- EXERCISE DETAILS
Set down a true copy of the data, with all pictures left out.

- SOURCE DATA
§

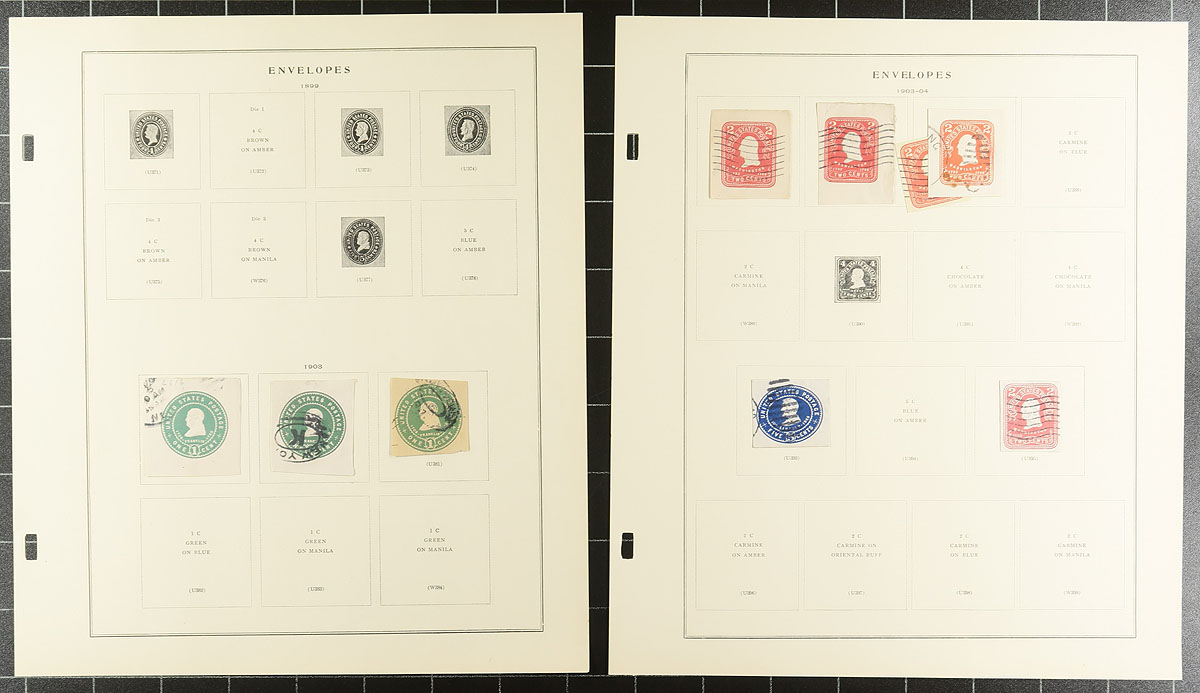 Collection of United States envelope cut squares, 1860's-1975, containing roughly 225 different items, all neatly arranged on Scott Specialty album pages. A cursory check indicated a few early items cut to shape, along with a few airmail items, and complete envelopes. A nice start to a stationery collection or to add to an existing one, a few items have been misidentified, still a nicely organized collection. Estimate =
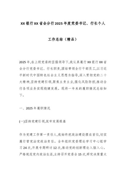 【七哥公文】2025年:XX银行XX省会分行2025年度党委书记、行长个人工作总结(精品)_副本+更多免费公文+VX:QiGeGongWen2024
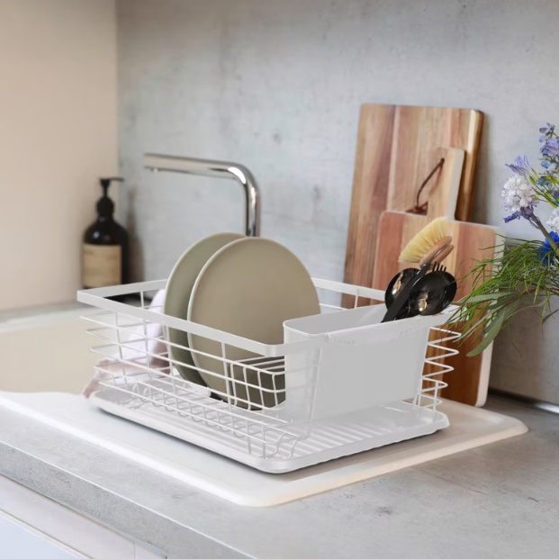Diskställ med bestickkorg, Metall, DRIP RACK, 36 x 30 x H 15 cm, Vit
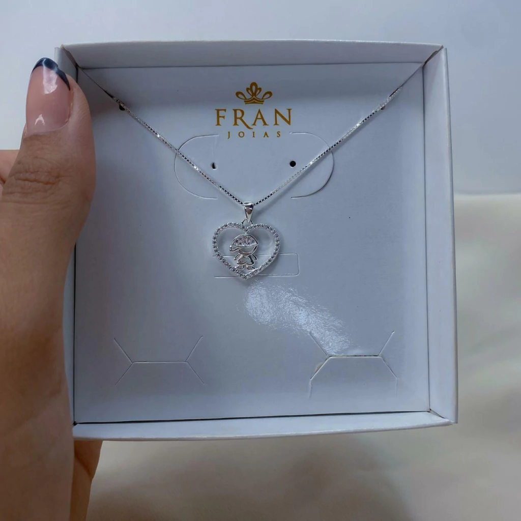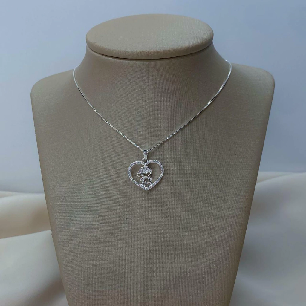 Gargantilha Filho (Prata 925) - 35265 Encante-se com a gargantilha de coração com filho dentro, uma peça que simboliza amor e proteção. Feita em prata 925, esta joia une delicadeza e sofisticação, perfeita para quem valoriza um acessório com significado especial. Ideal para usar em qualquer ocasião, adicionando um toque elegante e afetivo ao seu visual. Invista em qualidade e emoção com esta peça única.

§

- OUTPUT OF THE EXERCISE
 Collection of United States envelope cut squares, 1860's-1975, containing roughly 225 different items, all neatly arranged on Scott Specialty album pages. A cursory check indicated a few early items cut to shape, along with a few airmail items, and complete envelopes. A nice start to a stationery collection or to add to an existing one, a few items have been misidentified, still a nicely organized collection. Estimate =
 【七哥公文】2025年:XX银行XX省会分行2025年度党委书记、行长个人工作总结(精品)_副本+更多免费公文+VX:QiGeGongWen2024
Diskställ med bestickkorg, Metall, DRIP RACK, 36 x 30 x H 15 cm, Vit
 Gargantilha Filho (Prata 925) - 35265 Encante-se com a gargantilha de coração com filho dentro, uma peça que simboliza amor e proteção. Feita em prata 925, esta joia une delicadeza e sofisticação, perfeita para quem valoriza um acessório com significado especial. Ideal para usar em qualquer ocasião, adicionando um toque elegante e afetivo ao seu visual. Invista em qualidade e emoção com esta peça única.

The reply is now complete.